OPS format documentation?

  • Videogamer555
    14th Nov 2013 Member 0 Permalink
    What is the new OPS format? What is each header field in the file? As for the compressed data, after it is uncompressed, what is contained in each section of the data? Can someone post a reply to my thread, containing the full documentation of the OPS format you are using? And please don't direct me to read the source code. I suck at determining specs on a format when reading C or C++ code. I'm more used to a nice table or list layout like:
    Bytes 1 to 4 are this
    and Byte 5 is that,
    and Bytes 6 and 7 are the other thing.

    That's how I'm used to reading specs on a file format. So I hope there's some official format docs on TPT's OPS format, but I've not found any. In the event that no such docs exist, could someone who IS proficient at reading C and C++ code, read the portion of TPT's code pertaining to saves and stamps, and write up a nice table layout of the file format used by the OPS saves in the latest version of TPT. Something like the specs on the MS WAV audio file format at https://ccrma.stanford.edu/courses/422/projects/WaveFormat/

    where the format is spelled out in plain English.
    Edited 6 times by Videogamer555. Last: 14th Nov 2013
  • mniip
    14th Nov 2013 Developer 0 Permalink
  • Videogamer555
    14th Nov 2013 Member 0 Permalink
    How do I read this into an understandable format, for use in other programming languages? I happen to be using VB6. And I can't make heads or tails of the C++ code you posted. Giving up on the C++ code, I've decided to reverse engineer the structure of the file the way any good hacker would, through a hex editor, and knowing a bit about what kinds of data must be present in the save file.

    I finally figured out (through looking at a hex editor) enough of the header to be able to get the uncompressed size of the compressed data, and then uncompress the data.
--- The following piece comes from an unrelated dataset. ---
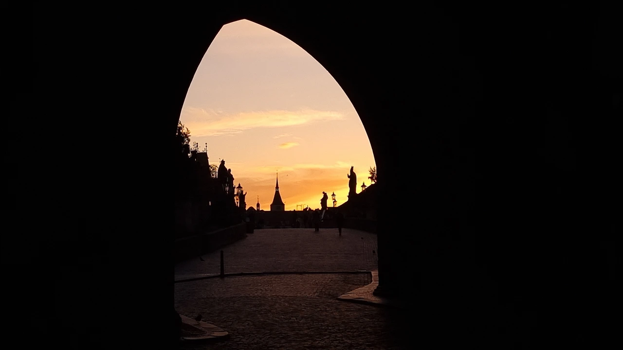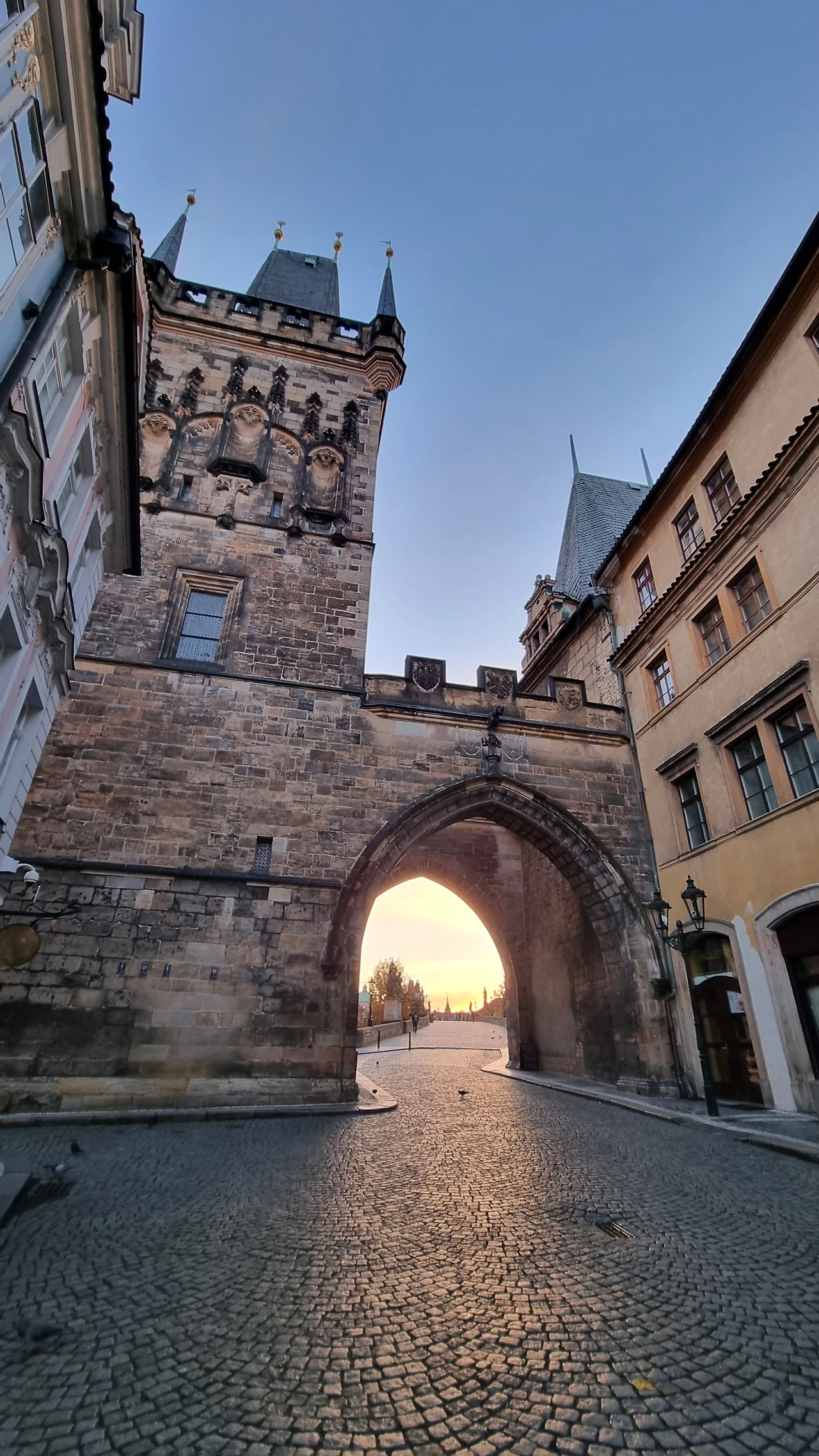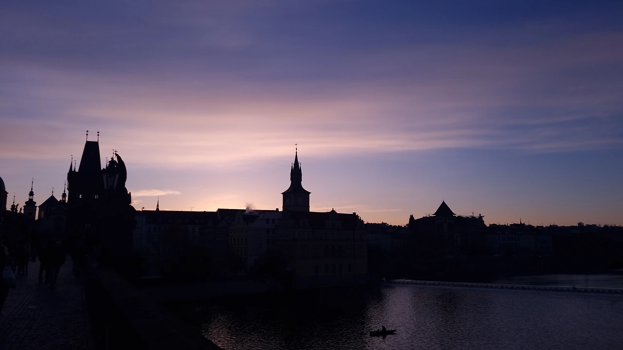 카를교는 낮에 사람들이 너무 많다고 해서 한산할 새벽에 왔는데 저 멀리 여명이 짙어지고 해가 차오르는 게 느껴진다. 색깔이 너무 오묘하고 아름다워서 벅차오르고 빨리 가서 봐야겠다는 생각. 해를 잡으러 신나게 뛰어갔다!

But now looking at the uncompressed game data, I see this in my hex editor in the ascii text display:
    Åä...origin.‚....majorVersion.Y....minorVersion......buildNum......snapshotId......releaseType.....R..platform.....WIN32..builtType.....SSE2...waterEEnabled...legacyEnable...gravityEnable...aheat_enable...paused...gravityMode......airMode......parts.¶!..€.
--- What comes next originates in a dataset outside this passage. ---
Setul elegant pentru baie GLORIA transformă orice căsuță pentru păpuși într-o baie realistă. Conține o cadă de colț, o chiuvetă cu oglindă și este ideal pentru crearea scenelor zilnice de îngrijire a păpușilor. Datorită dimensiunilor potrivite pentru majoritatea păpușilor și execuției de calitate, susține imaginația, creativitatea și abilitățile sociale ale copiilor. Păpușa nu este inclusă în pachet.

    And this in the corresponding part of the hexadecimal display:
    C5 E4 0D 00 03 6F 72 69 67 69 6E 00 82 00 00 00 10 6D 61 6A 6F 72 56 65 72 73 69 6F 6E 00 59 00 00 00 10 6D 69 6E 6F 72 56 65 72 73 69 6F 6E 00 00 00 00 00 10 62 75 69 6C 64 4E 75 6D 00 13 01 00 00 10 73 6E 61 70 73 68 6F 74 49 64 00 00 00 00 00 02 72 65 6C 65 61 73 65 54 79 70 65 00 02 00 00 00 52 00 02 70 6C 61 74 66 6F 72 6D 00 06 00 00 00 57 49 4E 33 32 00 02 62 75 69 6C 74 54 79 70 65 00 05 00 00 00 53 53 45 32 00 00 08 77 61 74 65 72 45 45 6E 61 62 6C 65 64 00 00 08 6C 65 67 61 63 79 45 6E 61 62 6C 65 00 00 08 67 72 61 76 69 74 79 45 6E 61 62 6C 65 00 01 08 61 68 65 61 74 5F 65 6E 61 62 6C 65 00 00 08 70 61 75 73 65 64 00 01 10 67 72 61 76 69 74 79 4D 6F 64 65 00 00 00 00 00 10 61 69 72 4D 6F 64 65 00 00 00 00 00 05 70 61 72 74 73 00 B6 21 03 00 80 AD

    So far, what I gather is that the first 4 bytes is a long integer that is the size of the uncompressed data (a repeat of the last entry in the header of the file). The next byte is a mystery though. It has the value 0x03. Immediately after that is an ascii string. It would seem logical that the value preceading the string would be the length of the string. However this value would indicate a length of 3, but the string "origin" has a length of 6. And it's not just as simple as the stored value being half the actual string length. Other strings have no numerical corresponding at all. And what's stranger is after each ascii string there is some small ammount of binary data usually about 4 to 6 bytes in size. That is up until the point of the string "parts", after which there is a large array (I assume particle data), but in what format I have no clue.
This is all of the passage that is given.